◆ **Assignment**:
In your copy of the data, include no pictures and alter nothing else.

◆ **Source data**:
#####

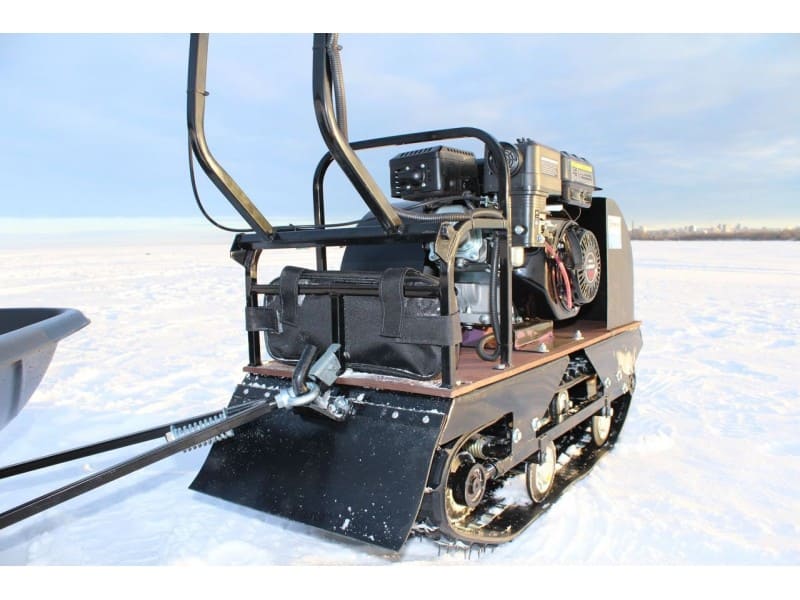 Мотобукс весит 78 кг, а размеры машины составляют 144 см в длину, 50 см в ширину и 66 см в высоту. Модель оснащена гусеницей с отличным сцеплением с поверхностью льда и снега шириной 380 мм. Гусеница в сочетании с катковой подвеской способна проходить спокойно по льду и даже по территории без снега.
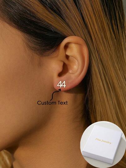 A Pair Of Minimalist Lucky Number Custom Earrings, Personalized And Unique Tag Earrings, Fashionable Wedding Beach Vacation Jewelry, The Best Gift For Her, Minimalist Elegant Style, Neutral Style Birthday Accessories, Fashionable Christmas Gifts For Family, Simple And Classic, Suitable For Daily Wear And Gift Giving, Mother's Day Jewelry, Suitable For All Seasons - Silver - View 1
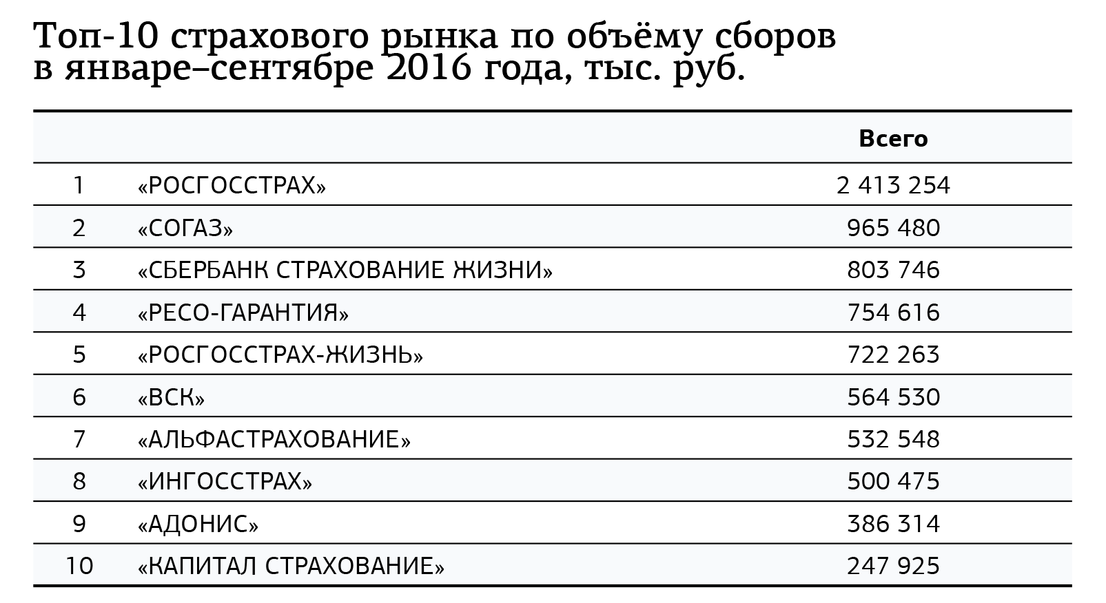 Концентрация рынка остаётся достаточно высокой: половину рынка «держит» первая четвёрка, а десятка лидеров обеспечивает уже 80% всех страховых сборов.

#####

◆ **Output of the exercise**:
 Мотобукс весит 78 кг, а размеры машины составляют 144 см в длину, 50 см в ширину и 66 см в высоту. Модель оснащена гусеницей с отличным сцеплением с поверхностью льда и снега шириной 380 мм. Гусеница в сочетании с катковой подвеской способна проходить спокойно по льду и даже по территории без снега.
 A Pair Of Minimalist Lucky Number Custom Earrings, Personalized And Unique Tag Earrings, Fashionable Wedding Beach Vacation Jewelry, The Best Gift For Her, Minimalist Elegant Style, Neutral Style Birthday Accessories, Fashionable Christmas Gifts For Family, Simple And Classic, Suitable For Daily Wear And Gift Giving, Mother's Day Jewelry, Suitable For All Seasons - Silver - View 1
 Концентрация рынка остаётся достаточно высокой: половину рынка «держит» первая четвёрка, а десятка лидеров обеспечивает уже 80% всех страховых сборов.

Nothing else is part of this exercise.